Andreas Moor, Département des sciences et de l'ingénierie des biosystèmes, ETH Zurich
Le sang est d'abord enrichi en nutriments dans les intestins avant d'arriver au foie, qui métabolise les nutriments. Pour les cellules cancéreuses colorectales, le foie est la dernière étape. « Elles se retrouvent piégées dans le réseau capillaire du foie », explique Moor.
Costanza Borrelli, doctorante, et d'autres membres de l'équipe de Moor ont désormais montré que les cellules hépatiques jouent également un rôle important dans la capacité des cellules cancéreuses qui s'y trouvent à coloniser leur nouvel emplacement. La science sait depuis plus d'un siècle que, tout comme les graines de plantes dans le sol, les cellules cancéreuses dépendent de leur environnement, mais on ignorait jusqu'à présent quels mécanismes moléculaires jouent un rôle à cet égard.

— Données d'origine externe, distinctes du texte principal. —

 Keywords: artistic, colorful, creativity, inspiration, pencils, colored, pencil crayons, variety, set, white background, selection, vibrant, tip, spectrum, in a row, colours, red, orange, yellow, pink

Grâce à des tests sophistiqués sur des souris génétiquement modifiées, Moor et son équipe ont découvert que le secret réside dans certaines protéines présentes à la surface des cellules. Lorsque les cellules hépatiques contiennent une protéine appelée Plexine-B2 et que les cellules cancéreuses colorectales possèdent certaines protéines de la famille des sémaphorines, les cellules cancéreuses colorectales peuvent se fixer aux cellules hépatiques.
Les panneaux indicateurs du système nerveux
Les cellules cancéreuses qui ont des sémaphorines à leur surface sont particulièrement dangereuses, comme l'attestent les études cliniques citées par les chercheurs de Moor dans leur article. Les données de l'étude montrent que le cancer colorectal métastase plus tôt et plus fréquemment vers le foie si la tumeur contient de grandes quantités de sémaphorine.

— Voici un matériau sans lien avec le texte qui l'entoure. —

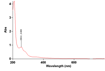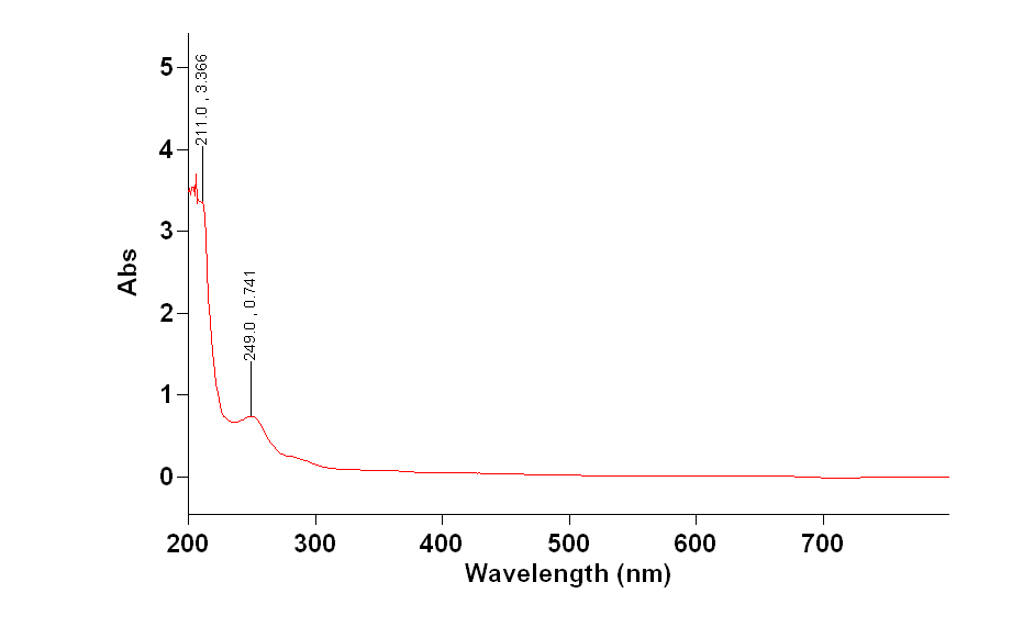 Spectrophotometric method: The λmax was determined by scanning one of the solutions over the range of 200-800 nm by using UV-Visible spectrophotometry and λmax was found to be 249 nm in methanol.

La plexine et sa contrepartie, la sémaphorine, étaient déjà connues des chercheurs pour leur fonction dans le système nerveux, où ces deux protéines dirigent les cellules nerveuses en croissance et veillent à ce qu'elles forment les bonnes voies. « La raison pour laquelle les cellules hépatiques produisent également de la plexine et le rôle de cette protéine dans les foies sains sont loin d'être clairs – et nous intéressent énormément », explique Moor. En d'autres termes, la question de sa fonction reste ouverte.
Retour à l'état sédentaire
Moor et son équipe ont cependant découvert que le contact direct entre la plexine et la sémaphorine déclenche des changements fondamentaux dans les cellules cancéreuses colorectales. Pour se détacher de la tumeur primaire, les cellules cancéreuses doivent changer d'identité : elles se libèrent de la couche superficielle de l'intestin, ou épithélium, rompant ainsi leurs liens étroits avec les cellules voisines.
Une fois dans le sang, les cellules cancéreuses ressemblent à celles du tissu conjonctif appelé mésenchyme. Mais une fois qu'elles ont trouvé leur nouvelle niche – grâce à la plexine présente sur certaines cellules hépatiques – les cellules cancéreuses retrouvent leur forme sédentaire. « Un processus d'épithélisation se produit », écrivent les chercheurs dans leur article. Moor précise : « On peut le repérer immédiatement en observant les cellules cancéreuses, car elles forment des invaginations semblables aux replis ou aux cryptes des intestins. »
La découverte des chercheurs n’aura pas seulement des répercussions sur les patients atteints d’un cancer colorectal : d’autres tests ont montré que la plexine favorise également la formation de métastases dans le cas de mélanomes et de cancers du pancréas. Pour Moor et son équipe, cela soulève de nombreuses questions de recherche. L’une d’entre elles attire particulièrement l’attention : lorsque les cellules cancéreuses se regroupent pour former une tumeur, elles influencent également les cellules de leur environnement. « Les cellules cancéreuses créent leur propre écosystème », explique Moor.
Période critique
Si les efforts visant à inhiber l’interaction cruciale entre la plexine et la sémaphorine réussissent, il sera peut-être possible d’empêcher le cancer de former de nouvelles tumeurs. En effet, au début, lorsque les relations entre les cellules de cet écosystème ne sont pas encore fermement établies, les métastases tumorales sont particulièrement vulnérables, explique Moor. Il semble convaincu qu’une réponse se trouve dans cette « période critique du développement des métastases », même si le chemin vers un éventuel traitement est encore long.